ISHN Guest BlogNote:  The comments are the author’s views and do not reflect the association’s positions or policies.

It’s my sense that sequestration will happen, and that it will last for about two months.  After that period, the pain for Congress and the impacted public – defense and non-defense alike - will be too great.  Just a few examples of the non-defense side are job corps cut backs, public health clinics that must close one or two days per week, head start teachers who are paid only to teach for three days per week putting parents in financial and logistical bind, and Justice Department grant programs for community policing programs.   

Federal health and safety investments might get two lines in a national story on the sequester. 

Senate Democrats are making a late, last minute pitch for a deal to avert sequestration, but no one in Washington seems to think it can get to the President’s desk by March 1.

After about two months of the spending cut backs, it’s foreseeable that Congress will cancel the sequester for a few months while it tries to figure out a spending plan, or just cancel the sequester all together. Two months of sequestration will allow Members of Congress, including Tea Party GOPs and conservative Democrats to take credit for nearly $24 billion in federal spending. (With seven months left in the FY13 fiscal year and $85 billion in cuts, two months of this is about $24 billion).

ISEA’s board of trustees told key congressional appropriations staff members that OSHA’s enforcement budget should be exempt from sequestration.

Even if sequestration last for only two months or so, I can foresee federal worker furloughs in the summer months as an additional federal cost savings measure, or as part of a deal to end the sequester. Each agency is dealing with furloughs differently.

As for OSHA, sequestration might be more of a DOL issue, which has been particularly mum on this issue. The DOL budget office would have to decide how to affect the savings. 

For example, one of the many DOL agencies is the Veterans Employment and Training Services (VETS).
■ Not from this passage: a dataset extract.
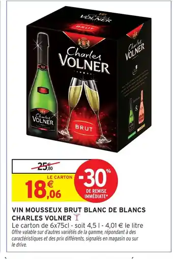 Offre CHARLES VOLNER Vin mousseux brut blanc de blancs chez Intermarché

If DOL is able to send the VETS agency to the US Department of Veterans Affairs (VA), DOL could claim it as a cost savings and the VA might be able to claim that it will, in the long run, affect cost-savingsthrough economies of scale by bringing this and other veterans-related programs under one roof.

If OSHA has to come up with its share of the required cost savings the easiest way to meet the targets would be furloughs – especially if HQ staff rather than compliance safety and health offices (the enforcement staff in the field). 

ISEA’s board of trustees told key congressional appropriations staff members that OSHA’s enforcement budget should be exempt from sequestration.  While OSHA has been making critical investments in consultations, most would agree that enforcement is where the rubber meets the road for OSHA. 

I can imagine OSHA staff travel would be cut. 

Any OSHA project that demands a consultant might get nixed, along with the consultants. 

Would all that add up to $25 million – the 5% of current spending that must be cut?  We will all have to watch and wait. 

FY14 – For many domestic agencies, FY14 might look similar to their budgets under sequestration.  And FY13 – many agree that a year-along “continuing resolution” is in the works, which will keep agencies at their FY12 funding levels, minus sequestration.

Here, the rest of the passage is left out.